▶ [EXERCISE INSTRUCTIONS]: Exactly as written, return every line of the data below apart from the pictures.

▶ [RECORDS SUPPLIED]:

<<<<

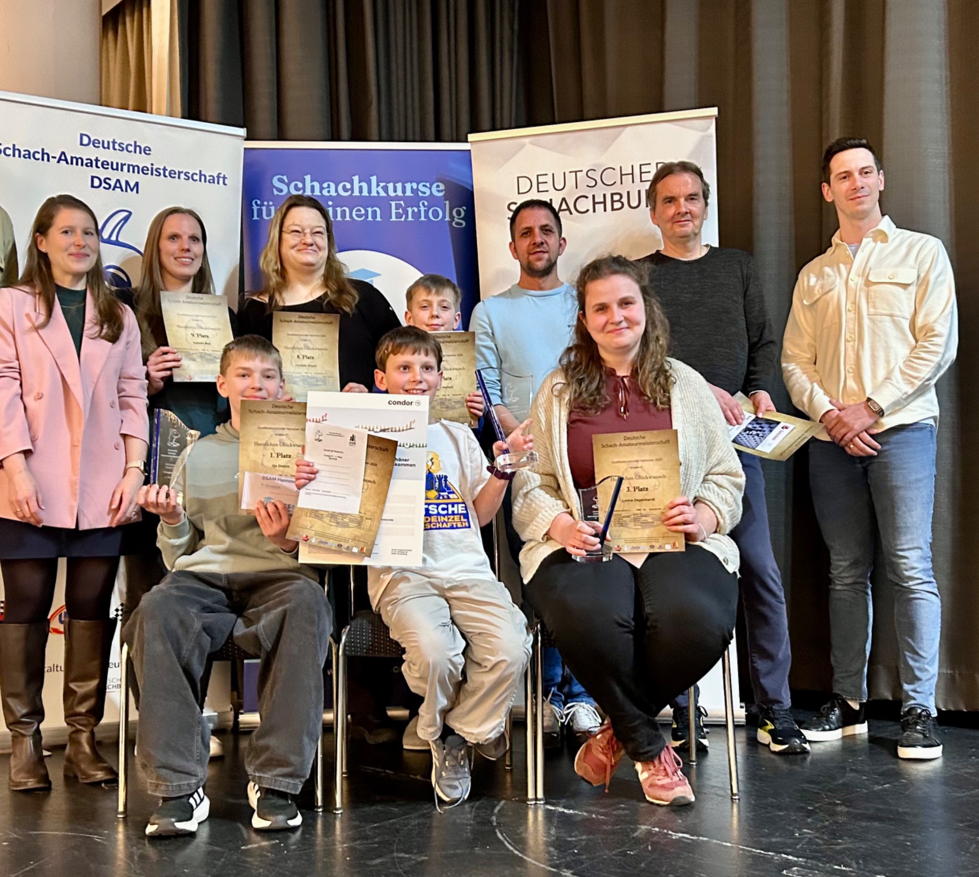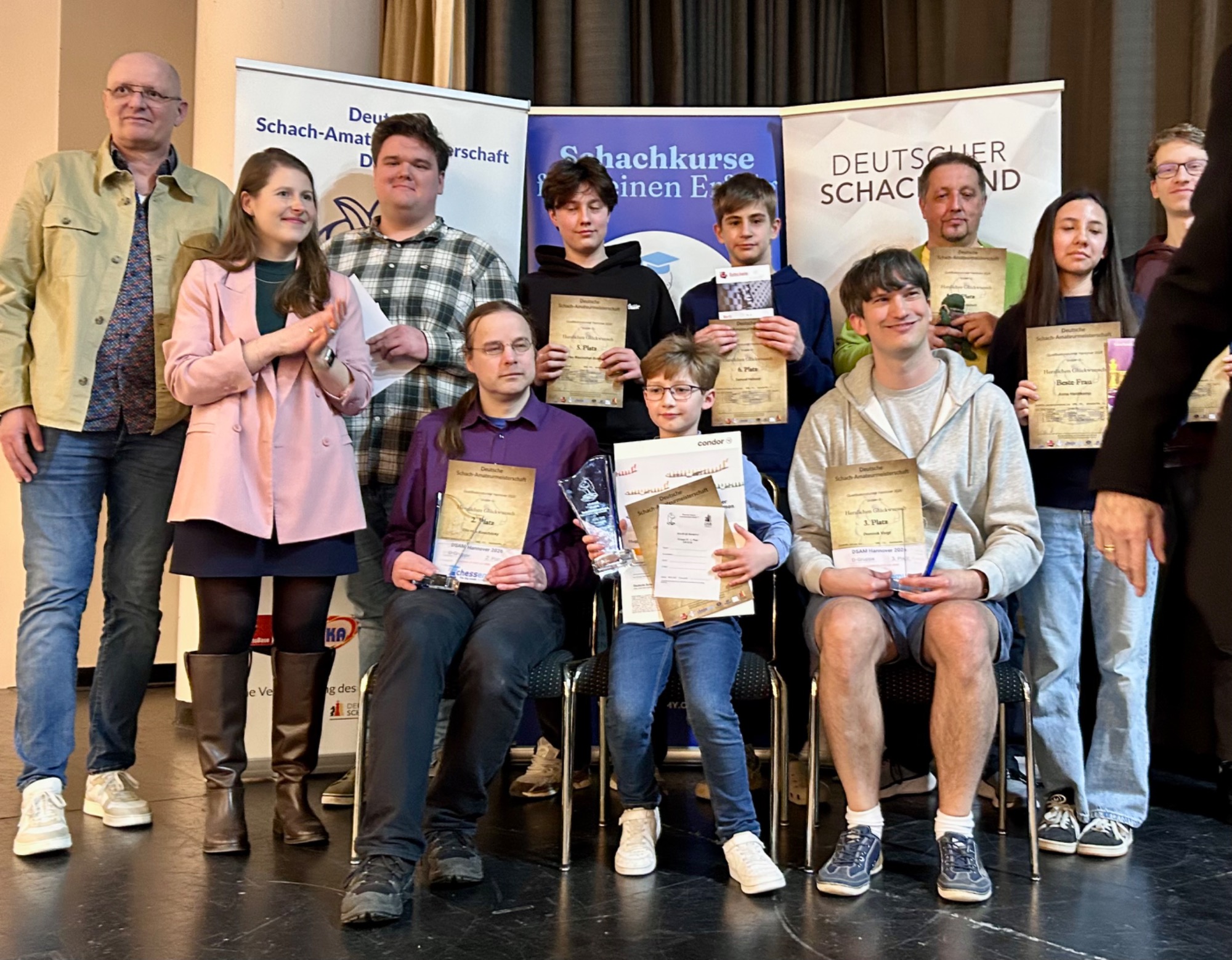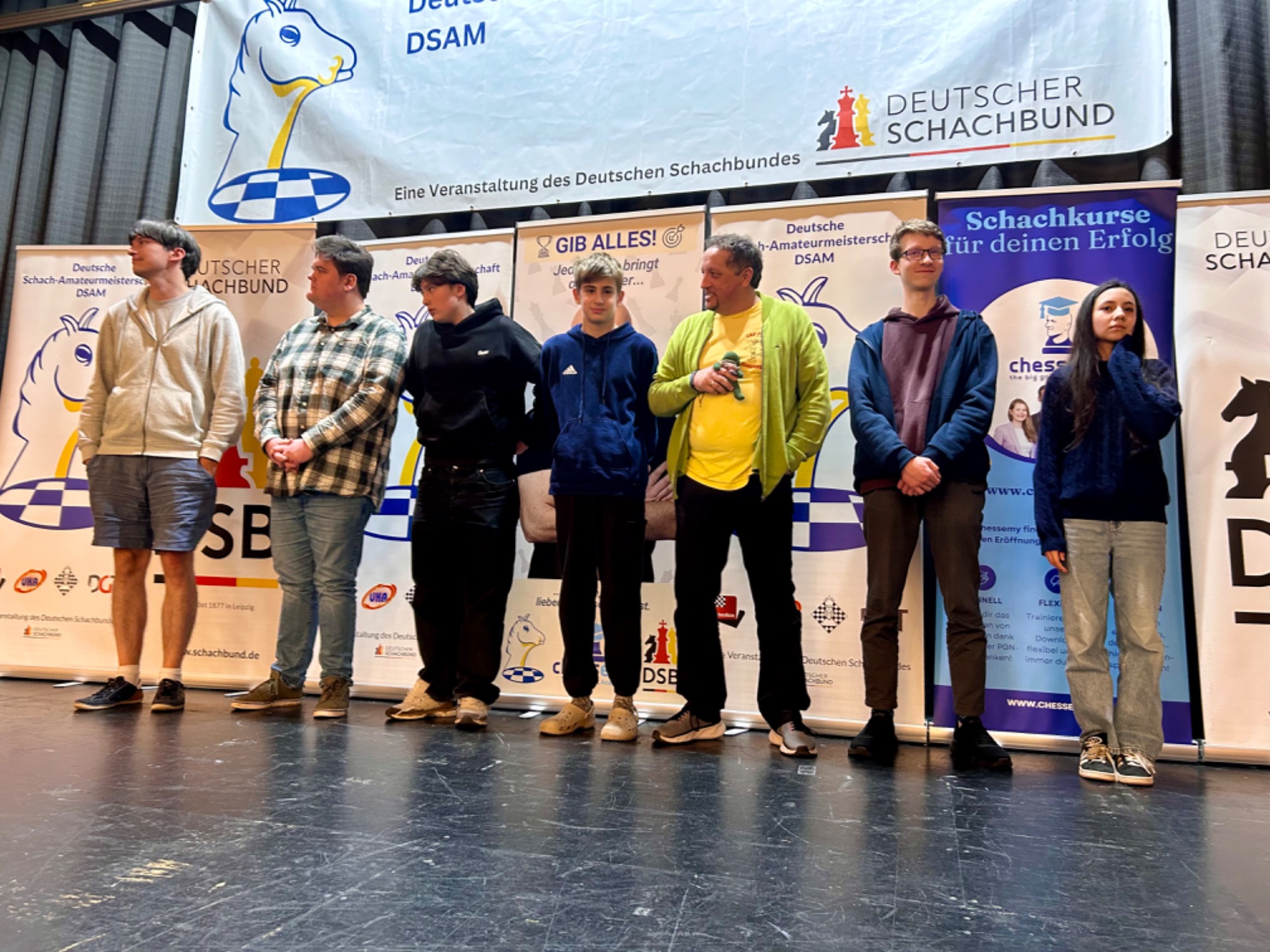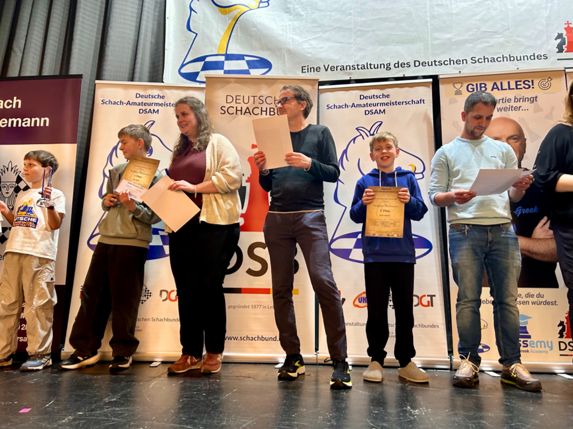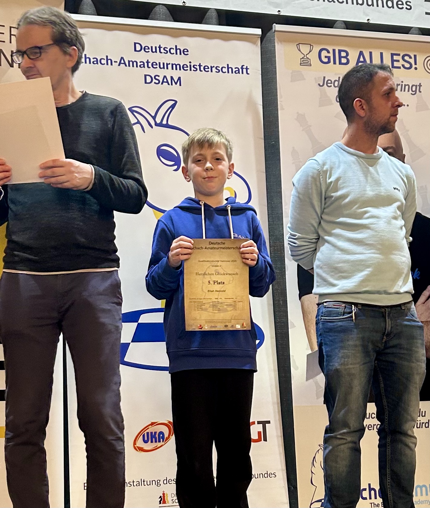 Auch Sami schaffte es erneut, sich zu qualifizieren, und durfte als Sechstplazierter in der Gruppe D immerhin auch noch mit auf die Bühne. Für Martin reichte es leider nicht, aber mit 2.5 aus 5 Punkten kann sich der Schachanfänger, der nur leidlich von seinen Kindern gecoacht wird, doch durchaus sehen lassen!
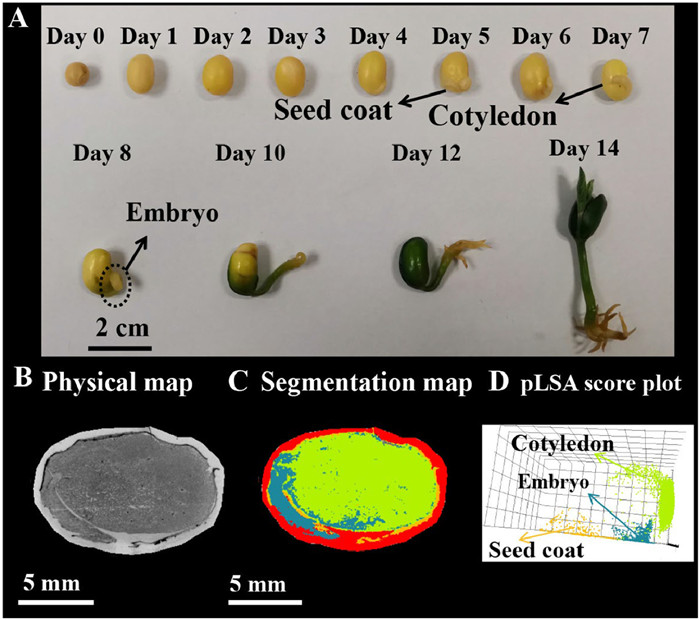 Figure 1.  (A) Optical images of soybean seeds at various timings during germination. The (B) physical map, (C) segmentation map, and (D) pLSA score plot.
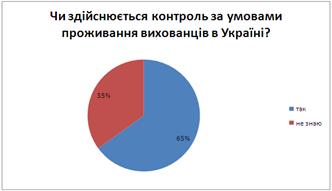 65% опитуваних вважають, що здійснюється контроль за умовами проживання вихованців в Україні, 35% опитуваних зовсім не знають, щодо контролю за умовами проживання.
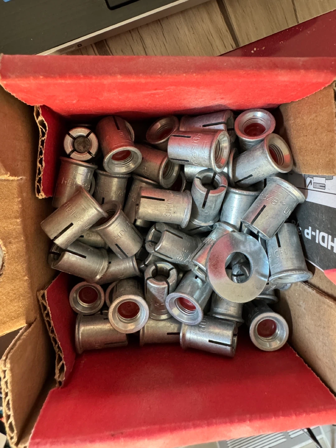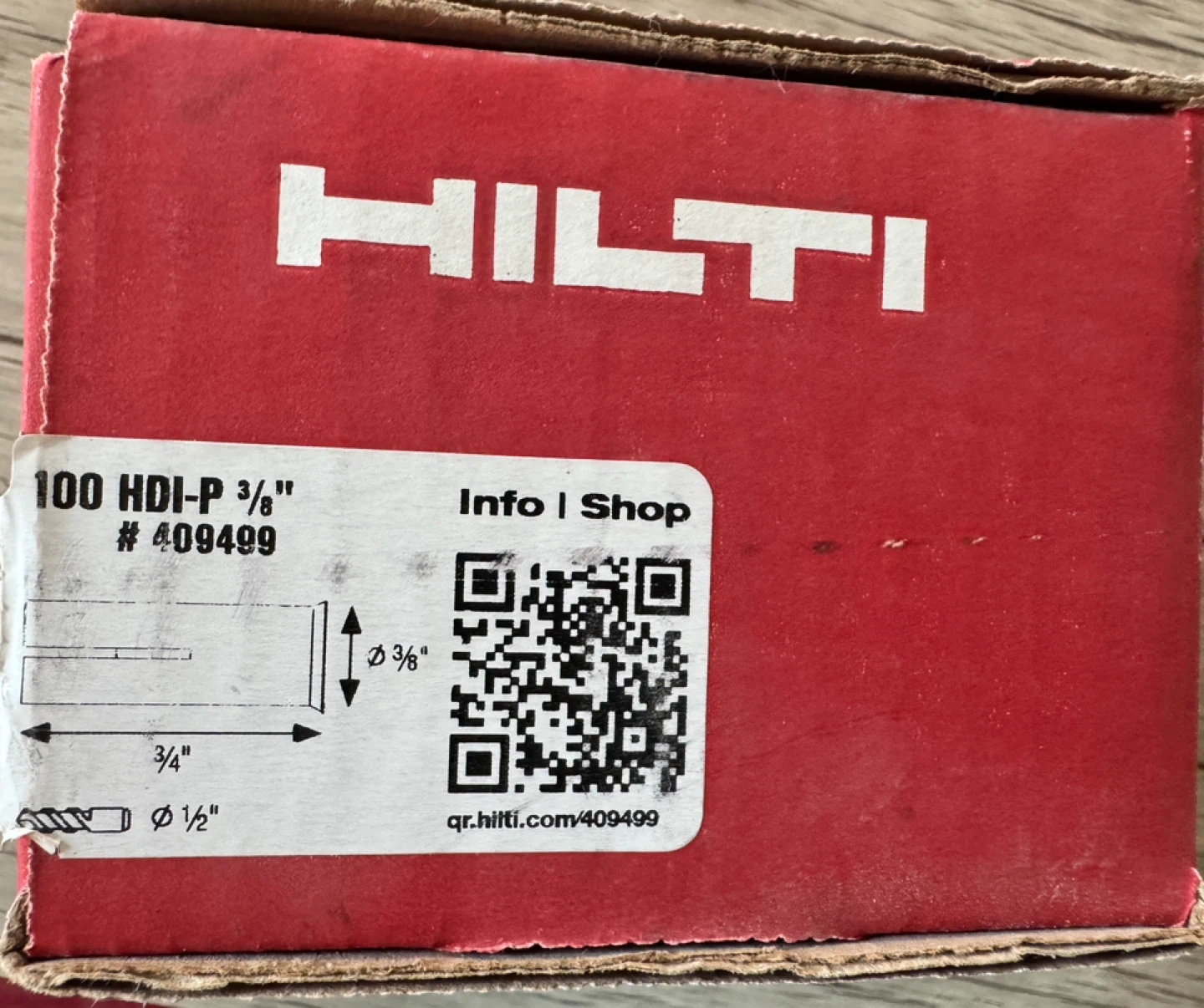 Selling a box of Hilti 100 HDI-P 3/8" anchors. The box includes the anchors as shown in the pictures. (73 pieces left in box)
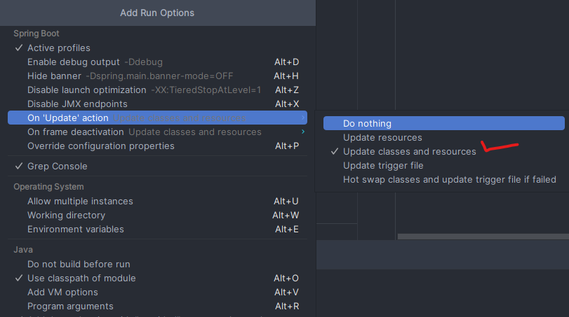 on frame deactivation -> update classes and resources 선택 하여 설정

>>>>

▶ [FINISHED EXERCISE]:
 Auch Sami schaffte es erneut, sich zu qualifizieren, und durfte als Sechstplazierter in der Gruppe D immerhin auch noch mit auf die Bühne. Für Martin reichte es leider nicht, aber mit 2.5 aus 5 Punkten kann sich der Schachanfänger, der nur leidlich von seinen Kindern gecoacht wird, doch durchaus sehen lassen!
 Figure 1.  (A) Optical images of soybean seeds at various timings during germination. The (B) physical map, (C) segmentation map, and (D) pLSA score plot.
 65% опитуваних вважають, що здійснюється контроль за умовами проживання вихованців в Україні, 35% опитуваних зовсім не знають, щодо контролю за умовами проживання.
 Selling a box of Hilti 100 HDI-P 3/8" anchors. The box includes the anchors as shown in the pictures. (73 pieces left in box)
 on frame deactivation -> update classes and resources 선택 하여 설정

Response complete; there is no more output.